Revisiting this topic…
If you’re writing to a CUDA surface, the “l2_tex_write_throughput” metric should probably be looked at along with “dram_write_throughput”.
I experimented with writing to an OpenGL RBO GL_RGBA8 surface with a kernel that maps a grid’s thread idx to either a surface row (x-order) or a column (y-order) write.
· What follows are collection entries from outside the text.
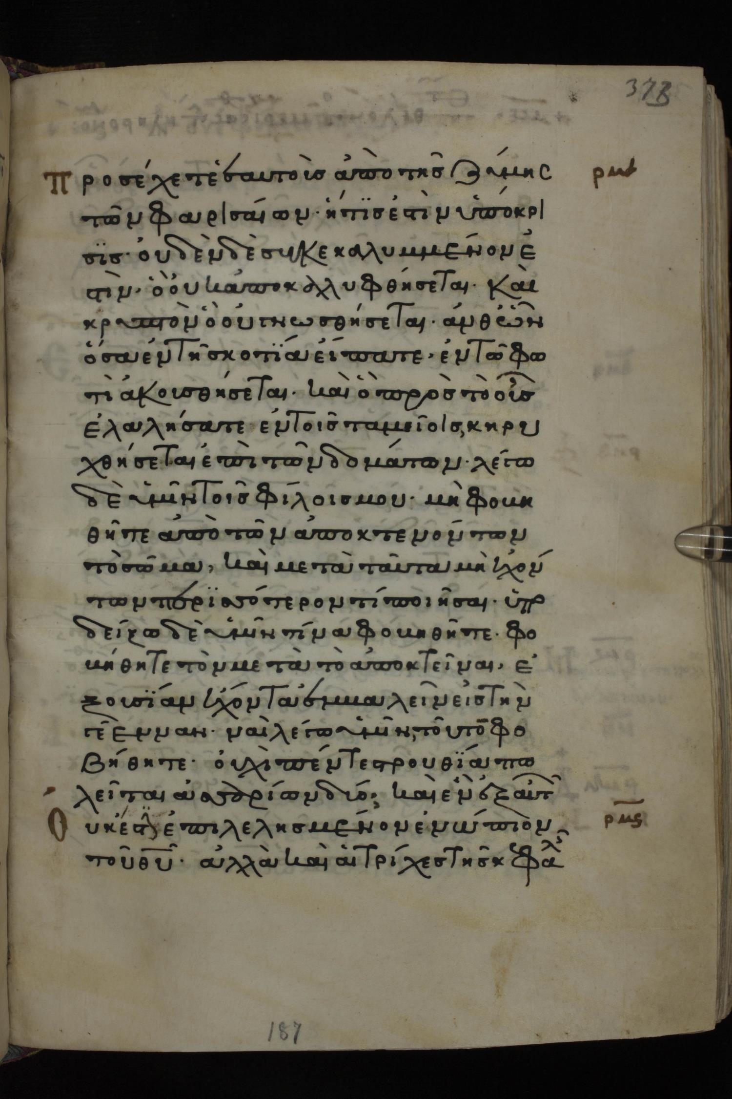 Twelfth century minuscule of the Gospels on parchment; 285 leaves, 1 column, 21-23 lines per column. Images were taken at the National Library of Greece in Athens.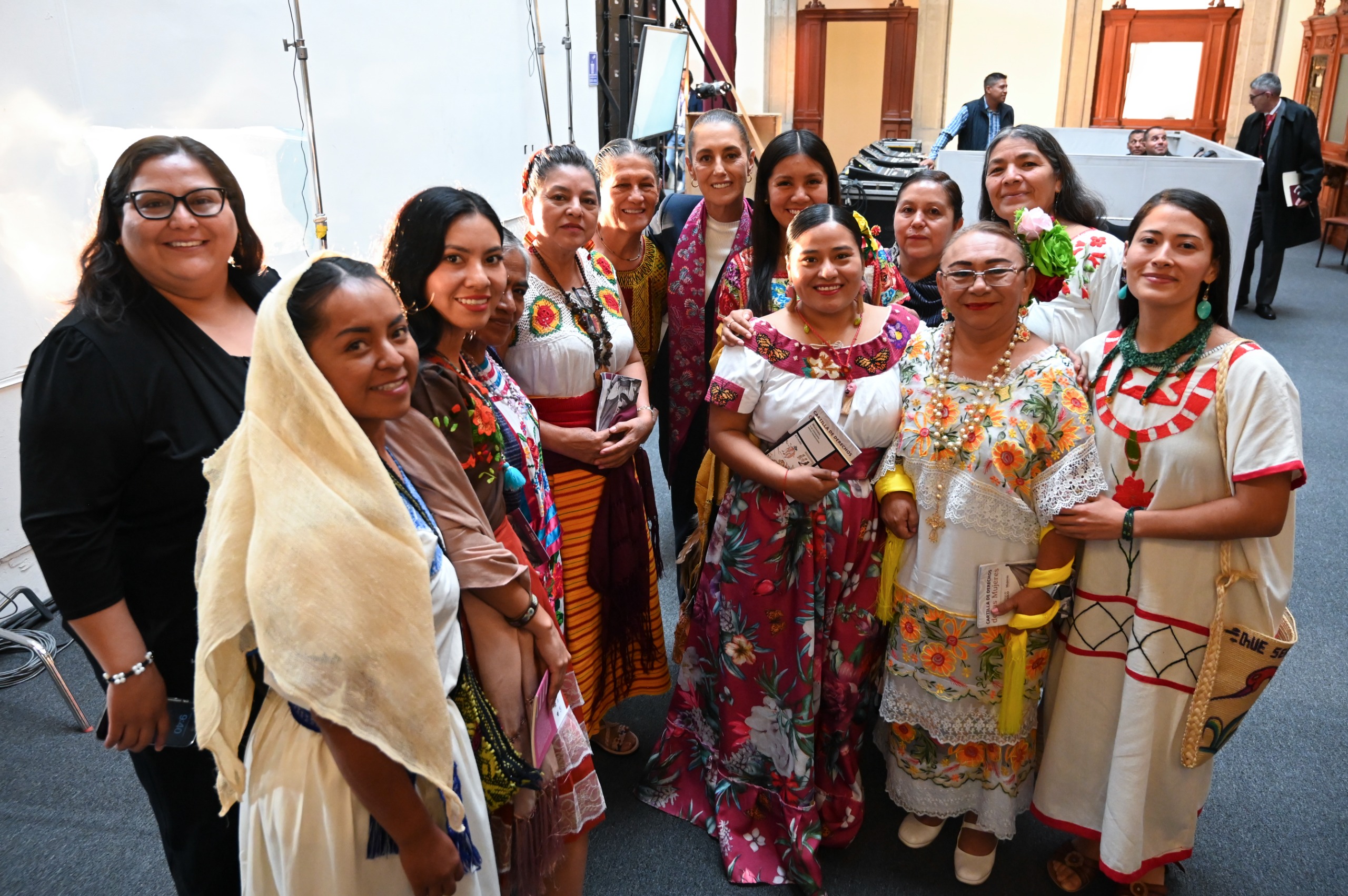 En la conferencia matutina, leyeron la Cartilla de los Derechos de las Mujeres, que ha sido traducida a 35 lenguas originarias: Angélica González Pinillos en náhuatl; Teresa de Jesús Ríos García en mazateco; Marisela González González en otomí; Jéssica Guadalupe Espicio Sebastián en p’urhépecha; Lucía Eugenio Bibiano en popoluca; María del Carmen Álvarez Juárez en chichimeco; María Arcelia Rodríguez Torres en yokot´an; Agustina del Carmen Tah Pech en maya y Dulce Belem Romero Castillo en yaqui.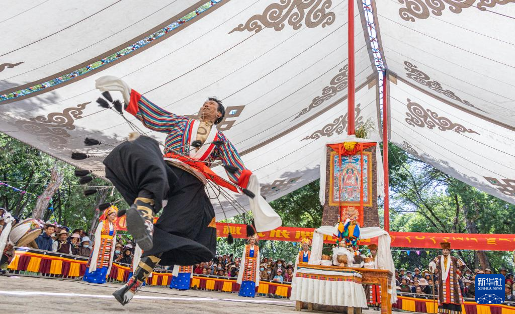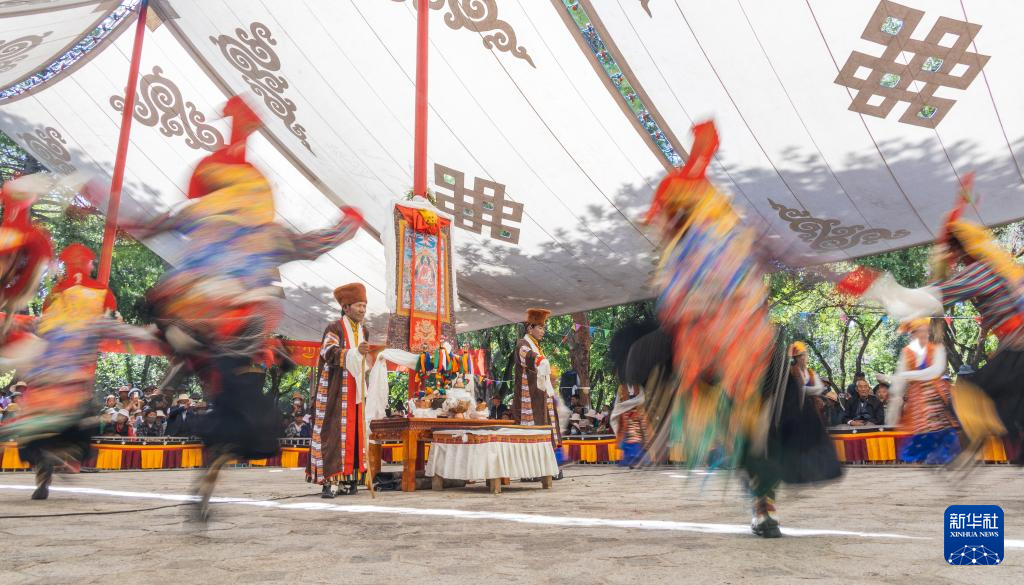 8月19日,在拉薩市羅布林卡園林內(nèi),貢嘎縣乃薩藏戲隊(duì)在為觀眾表演藏戲《朗薩雯崩》。新華社發(fā)(丁增尼達(dá)攝)

The opposing coordinate is, respectively, modulo the surface width or height. i.e. surf2DWrite(rgbx,surf,x*sizeof(rgbx),y,…)
The FBO containing the RBO surface is then blitted to the default framebuffer and the loop repeats.
The y-order kernel exhibits an impressive l2_tex_write_throughput but overall kernel execution time is slower than the x-order kernel and the l2_tex_write_throughput : dram_write_throughput ratio is 4:1.
The x-order kernel throughput ratio is 2:1 and the kernel execution time is faster.
Additionally, the overall dram_write_throughput (GB/s) of the x-order kernel is higher than the y-order kernel.
It’s unclear if nvprof is measuring the FBO-to-default blit.
So who here knows if writing to OpenGL RBOs on Maxwell via a CUDA surface is best performed using a specific tiled/swizzled order?
I suppose I could try some more experiments but I’m looking to shortcut that effort. :)